One possible explanation for this is that Scotland experiences colder conditions than the rest of the UK, requiring more frequent gritting of the roads. The salt in the grit is known to cause rust.
Diesel Cars¶
As the data this is based on is only for cars having an MOT, the following is only an approximate indicator of the numbers of Diesel cars in various parts of the UK.
In [22]:
# Calculate percentages of vehicles having an MOT that are diesel
mot_data = calc_rates(summary_filter='fuel_type=="DI"',
column='fuel_type'
)
# Create figure for plot and add subplot for choropleth
fig = plt.figure(figsize=(10,15))
ax = fig.add_subplot(111)
plt.axis('equal')
plt.axis('off')
# Choropleth appearance
intervals=20
cmap = 'YlOrBr'
# Generate choropleth
choropleth(ax=ax,
mot_data=mot_data,
column='rate',
intervals=intervals,
cmap=cmap
)
# Title
plt.title('Percentage of Vehicles having a MOT that are Diesel by Postcode Area\n Cars, Small passenger vehicles etc.. in 2016',
fontdict={'fontsize':16})
# Calculate range for colorbar
min_value, max_value = scale_required(mot_data['rate'], intervals)
# Add axes for colorbar
cbax = fig.add_axes([0.8, 0.65, 0.03, 0.15])
# Create colorbar
colorbar(ax=cbax,
min_value=min_value,
max_value=max_value,
intervals=intervals,
percent=True,
cmap=cmap
)
plt.show()
There is a clear regional variation. Areas having higher numbers of Diesel vehicles tend to be rural (Mid Wales, the Highlands etc..).

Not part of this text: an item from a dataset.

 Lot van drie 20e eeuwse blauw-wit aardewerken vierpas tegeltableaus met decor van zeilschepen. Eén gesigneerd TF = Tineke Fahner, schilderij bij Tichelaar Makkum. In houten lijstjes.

Electric, Fuel Cell and Hybrid Vehicles¶
As the data this is based on is only for cars having an MOT, the following is only an approximate indicator of the numbers of Electric, Fuel Cell or Hybrid cars.

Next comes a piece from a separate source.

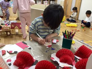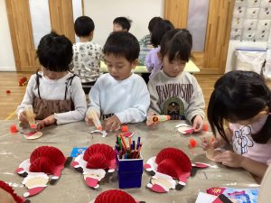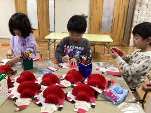 クリスマスに向けて、サンタクロースの飾りを製作しました!

As numbers across the UK were very low, I have concentrated on London which had the highest numbers.
In [23]:
# Calculate percentages of vehicles having an MOT that are Electric or Hybrid
mot_data = calc_rates(summary_filter='fuel_type=="G"',
column='fuel_type'
)
# Create figure for plot and add subplot for choropleth
fig = plt.figure(figsize=(10,8))
ax = fig.add_subplot(111)
plt.axis('equal')
plt.axis('off')
# Choropleth appearance
intervals=20
cmap = 'YlGn'
# Generate choropleth
choropleth(ax=ax,
mot_data=mot_data,
column='rate',
region='London',
intervals=intervals,
cmap=cmap
)
# Title
plt.title('''Percentage of vehicles having a MOT that are Electric/Hybrid by Postcode Area
Cars, Small passenger vehicles etc.., London Area, in 2016''',
fontdict={'fontsize':16})
# Calculate range for colorbar
min_value, max_value = scale_required(mot_data['rate'], intervals)
# Add axes for colorbar
cbax = fig.add_axes([0.9,0.5, 0.03, 0.15])
# Create colorbar
colorbar(ax=cbax,
min_value=min_value,
max_value=max_value,
intervals=intervals,
percent=True,
cmap=cmap
)
plt.show()
Cars have to be 3 years old before they have there 1st MOT. So this plot does not show current rates of Electric/Hybird vehicles. However it does indicate emerging patterns. Highest rates occur in West London, which is fairly affluent.